Source material.
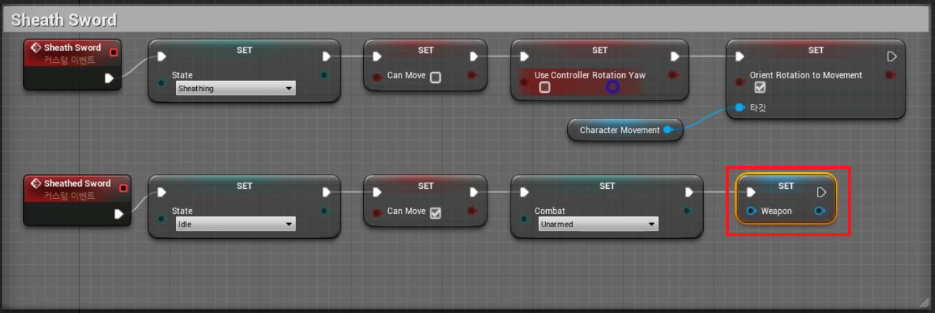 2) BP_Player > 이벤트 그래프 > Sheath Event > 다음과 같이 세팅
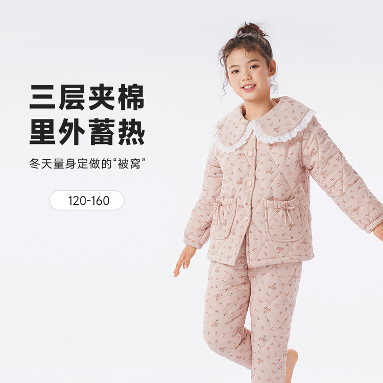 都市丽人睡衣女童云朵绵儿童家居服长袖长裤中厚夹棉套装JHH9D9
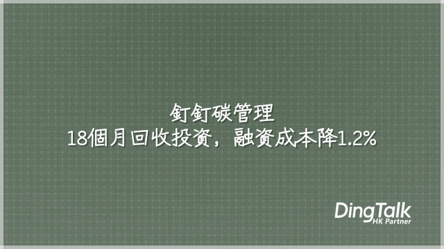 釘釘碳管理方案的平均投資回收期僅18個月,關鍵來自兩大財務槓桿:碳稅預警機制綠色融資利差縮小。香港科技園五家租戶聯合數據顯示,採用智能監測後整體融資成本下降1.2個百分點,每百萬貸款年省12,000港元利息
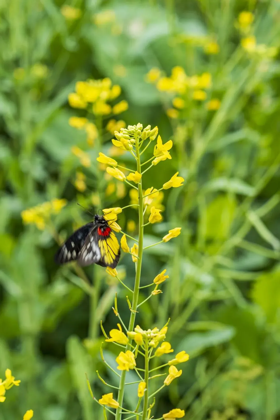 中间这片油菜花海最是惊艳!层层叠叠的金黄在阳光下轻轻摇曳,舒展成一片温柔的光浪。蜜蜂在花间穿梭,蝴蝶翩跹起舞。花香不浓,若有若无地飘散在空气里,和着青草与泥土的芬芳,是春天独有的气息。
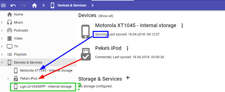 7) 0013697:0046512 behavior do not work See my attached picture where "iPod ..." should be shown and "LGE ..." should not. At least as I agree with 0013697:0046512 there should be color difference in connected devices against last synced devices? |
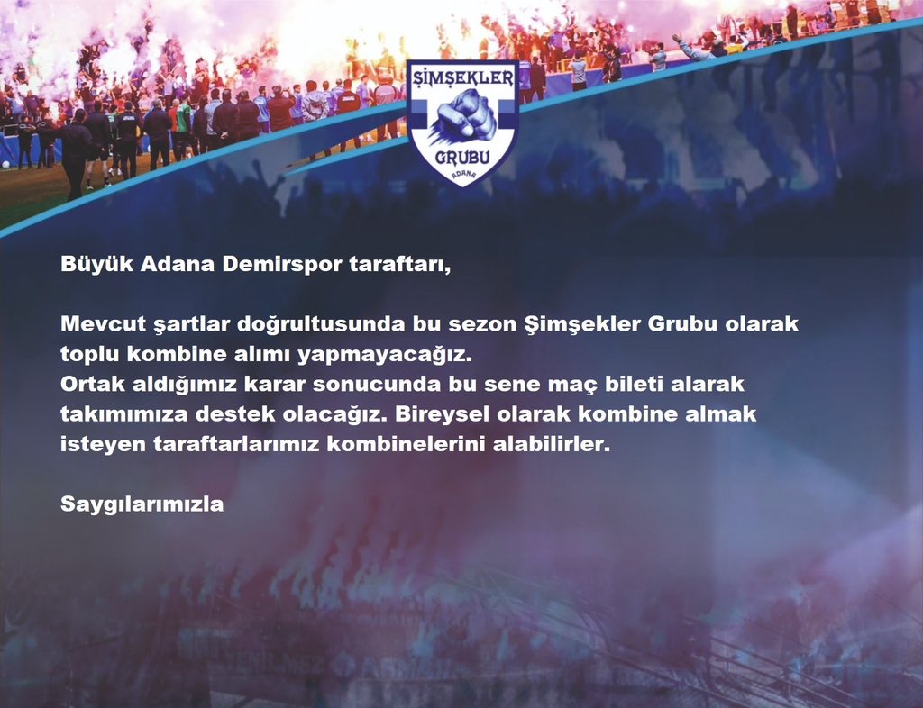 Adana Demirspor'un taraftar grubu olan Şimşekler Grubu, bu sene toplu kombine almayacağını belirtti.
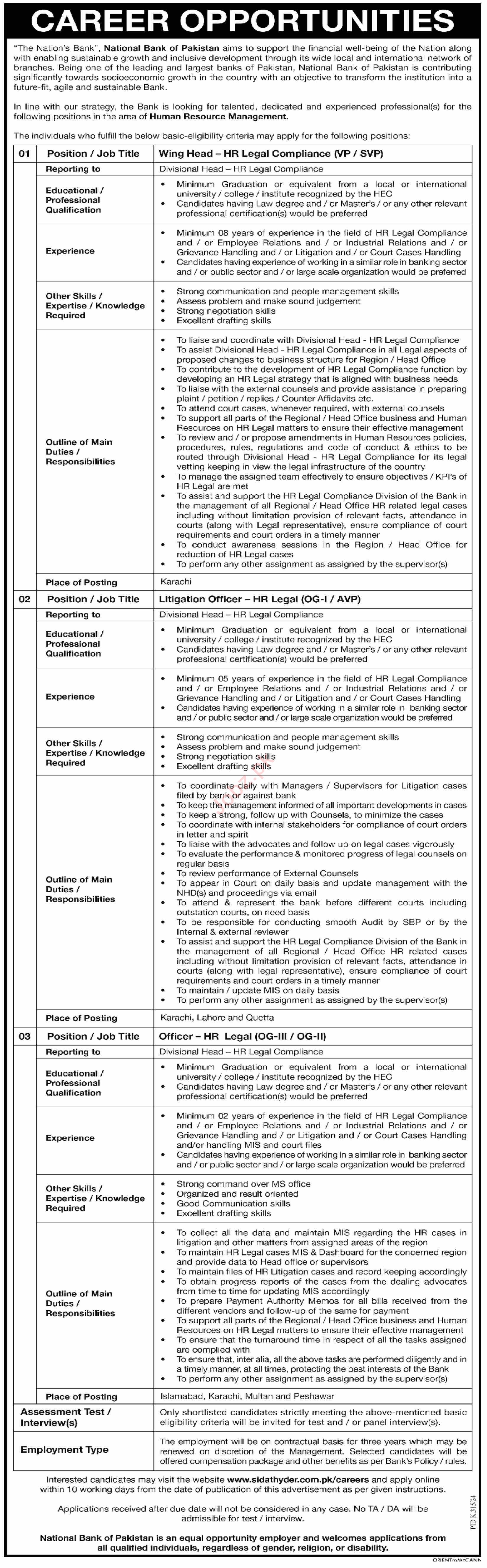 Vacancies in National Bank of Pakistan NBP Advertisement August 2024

Required work.
Pictures should be left out when the records above are restated exactly.

Your solution.
 2) BP_Player > 이벤트 그래프 > Sheath Event > 다음과 같이 세팅
 都市丽人睡衣女童云朵绵儿童家居服长袖长裤中厚夹棉套装JHH9D9
 釘釘碳管理方案的平均投資回收期僅18個月,關鍵來自兩大財務槓桿:碳稅預警機制綠色融資利差縮小。香港科技園五家租戶聯合數據顯示,採用智能監測後整體融資成本下降1.2個百分點,每百萬貸款年省12,000港元利息
 中间这片油菜花海最是惊艳!层层叠叠的金黄在阳光下轻轻摇曳,舒展成一片温柔的光浪。蜜蜂在花间穿梭,蝴蝶翩跹起舞。花香不浓,若有若无地飘散在空气里,和着青草与泥土的芬芳,是春天独有的气息。
 7) 0013697:0046512 behavior do not work See my attached picture where "iPod ..." should be shown and "LGE ..." should not. At least as I agree with 0013697:0046512 there should be color difference in connected devices against last synced devices? |
 Adana Demirspor'un taraftar grubu olan Şimşekler Grubu, bu sene toplu kombine almayacağını belirtti.
 Vacancies in National Bank of Pakistan NBP Advertisement August 2024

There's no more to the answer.